Skip the pictures, please, and write out exactly the lines from the opening of the data through the line containing "继续优化了数字先锋Midjo".

─── SOURCE DATA

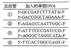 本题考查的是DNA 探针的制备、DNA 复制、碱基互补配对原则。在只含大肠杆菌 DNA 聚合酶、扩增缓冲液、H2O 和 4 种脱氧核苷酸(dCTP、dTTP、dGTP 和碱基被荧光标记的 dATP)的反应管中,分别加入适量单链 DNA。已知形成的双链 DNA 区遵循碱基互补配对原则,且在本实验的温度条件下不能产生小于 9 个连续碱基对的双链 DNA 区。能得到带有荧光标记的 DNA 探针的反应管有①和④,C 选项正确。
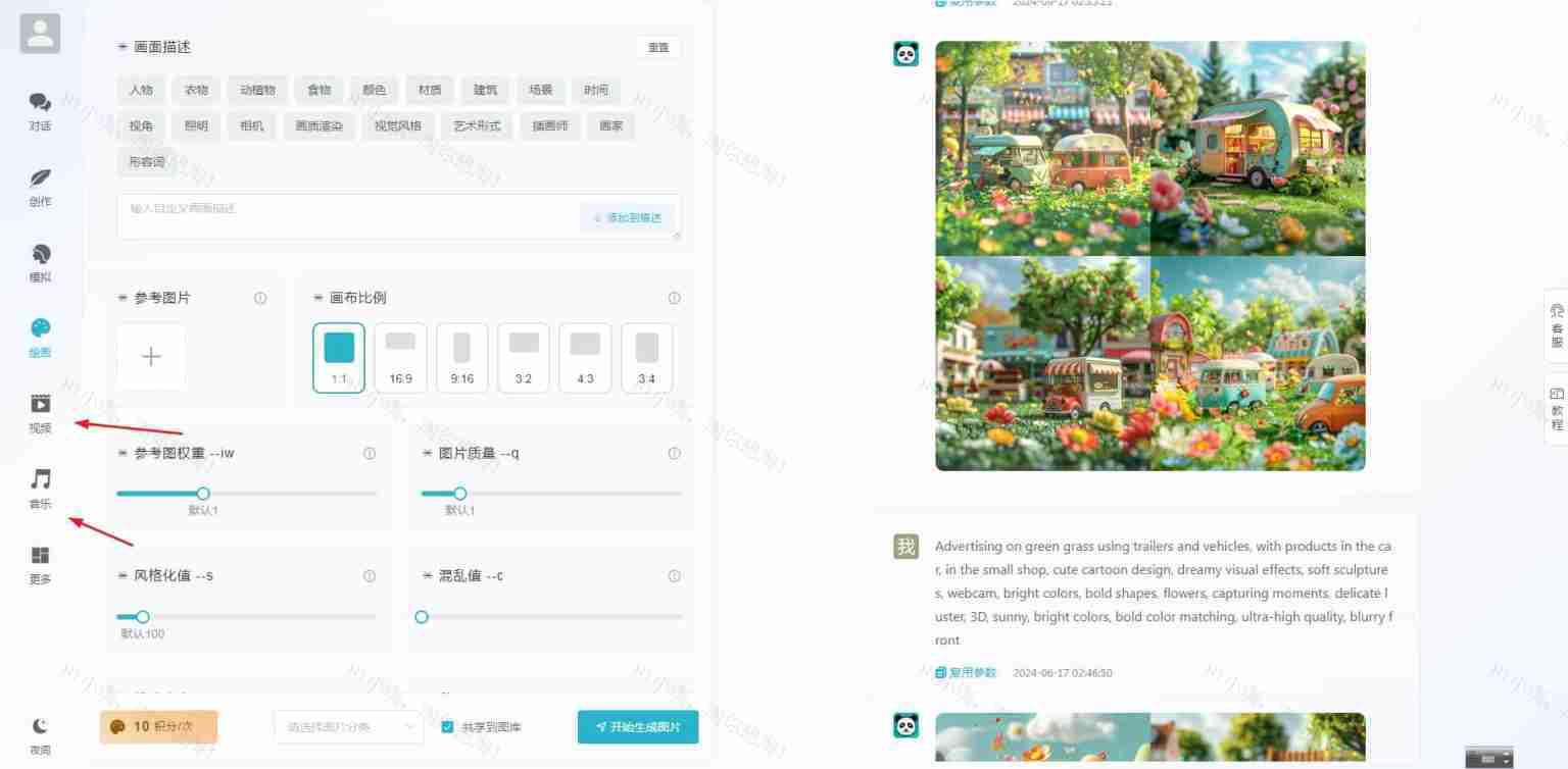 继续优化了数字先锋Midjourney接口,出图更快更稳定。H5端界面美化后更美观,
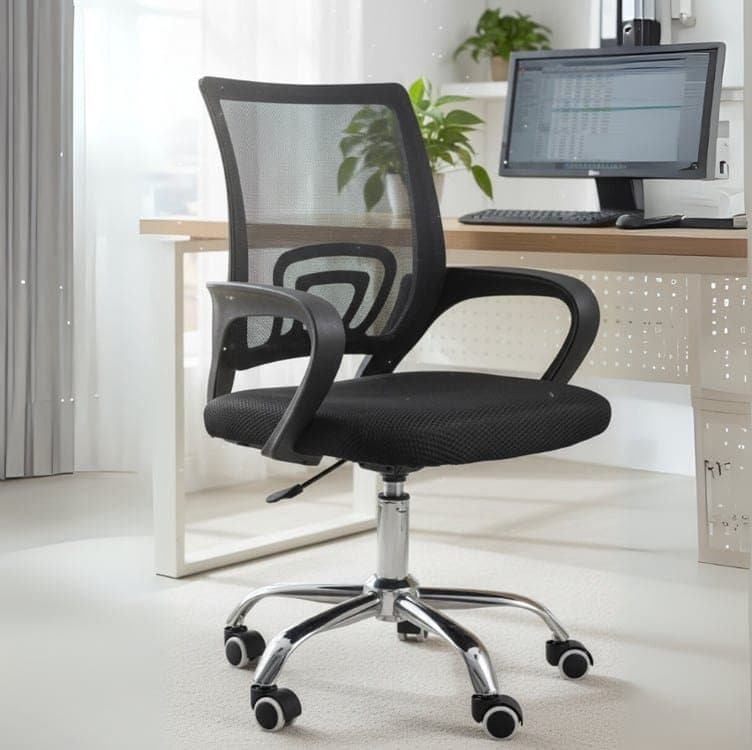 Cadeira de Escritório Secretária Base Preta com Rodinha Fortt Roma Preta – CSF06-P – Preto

──────

* _RESULT OF THE EXERCISE_
 本题考查的是DNA 探针的制备、DNA 复制、碱基互补配对原则。在只含大肠杆菌 DNA 聚合酶、扩增缓冲液、H2O 和 4 种脱氧核苷酸(dCTP、dTTP、dGTP 和碱基被荧光标记的 dATP)的反应管中,分别加入适量单链 DNA。已知形成的双链 DNA 区遵循碱基互补配对原则,且在本实验的温度条件下不能产生小于 9 个连续碱基对的双链 DNA 区。能得到带有荧光标记的 DNA 探针的反应管有①和④,C 选项正确。
 继续优化了数字先锋Midjourney接口,出图更快更稳定。H5端界面美化后更美观,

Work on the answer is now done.